One can see that the law has changed greatly in recent years in how it treats mentally ill offenders. Arguably it is much fairer and much more effective, geared as it is to rehabilitation. It is a flexible regime, designed to meet the offender’s needs.
A persistent problem, however, is the lack of adequate treatment facilities. Judges complain that they cannot refer mentally ill offenders for the assessments contemplated by the Criminal Code due to lack of hospital facilities. The problem is particularly acute in Ontario where mentally ill offenders are often detained in jail while awaiting hospital beds for a psychiatric assessment. Not infrequently this results in the detention of individuals accused of relatively minor offences who otherwise would never be kept in custody. The consequences are sometimes tragic.
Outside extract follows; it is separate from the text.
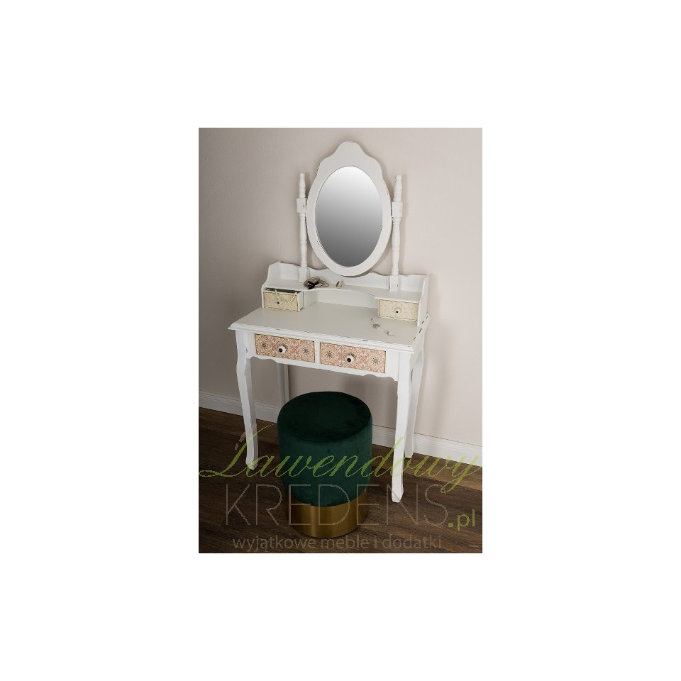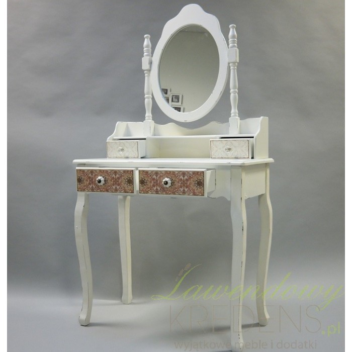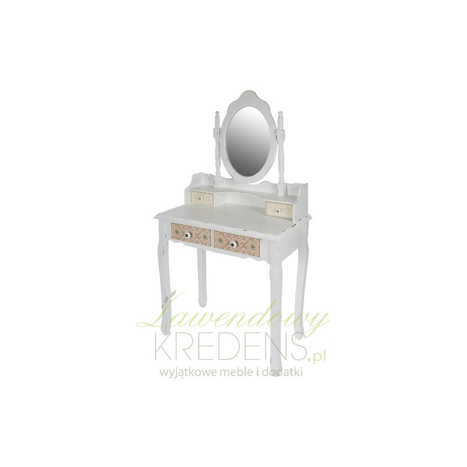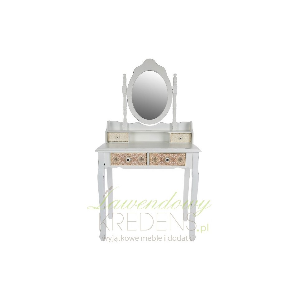Postarzana, biała toaletka prowansalska ma praktyczne lusterko i dekoracyjne szufladki w kolorowe wzorki.

In November 2003, a mentally ill man suddenly died in an Ottawa jail while awaiting an assessment in relation to an assault that actually had occurred while he was in the psychiatric wing of a local general hospital. This unfortunate man was apparently charged in order to facilitate his transfer to a specialized psychiatric hospital. Lack of hospital beds resulted in remand to the local jail of a man who desperately needed both physical and mental medical attention. A Coroner’s Jury looking into this death recently recommended that the practice of detaining mentally ill persons in jail while awaiting assessments should end.22 In another Ottawa case, a 45-year-old mentally ill man, who was arrested on minor charges, apparently “fell through the cracks” and was held in jail for six months without being brought to court and without his lawyer or family members being notified.23
The courts in Ontario have also weighed in on this issue. In 2003, an application was brought before the Ontario Superior Court of Justice by two individuals challenging the practice of detaining accused persons in jail pending the availability of beds for psychiatric assessments. In November of last year, Justice Desmarais ruled that this practice was contrary to the relevant provisions of the Criminal Code and offends the right to liberty protected by s. 7 of the Charter and the right not to be arbitrarily detained guaranteed by s. 9 of the Charter.24
In another case that demonstrates that lack of mental health resources also affects children, charges against a mentally troubled 13-year-old girl were stayed in February of last year by an Ontario Provincial Court Judge. Although the judge had ordered an assessment in a psychiatric hospital, the young person in this case was initially sent to a youth detention center and held there for 15 days without counsel, her parents or the court being informed. Eventually, pursuant to further court orders a psychiatric assessment was conducted at a local Children’s Hospital and completed while this young person was in youth detention. According to Justice Dorval, lack of appropriate facilities for persons under age 16 meant that she received only a cursory psychiatric assessment and was given anti-psychotic medication, not for medical reasons, but simply to control her difficult behaviour. In Justice Dorval’s view, this was differential treatment based on age and an infringement of the young person’s equality rights under s. 15 of the Charter.25
Cases like this demonstrate the existence of a resource deficit and that this problem potentially impacts on the constitutionally protected rights of individuals involved in the criminal justice system. The Ontario government must be given credit for recognizing the difficulty and seeking to address it. Last month, the Health Minister announced a $27.5 million per year program to divert mentally ill people charged with less serious offences away from the criminal justice system.26 At the same time, the struggle for adequate facilities for mentally ill people under detention orders continues. The situation of mentally ill persons involved in the province’s criminal justice system is being addressed, but still haltingly.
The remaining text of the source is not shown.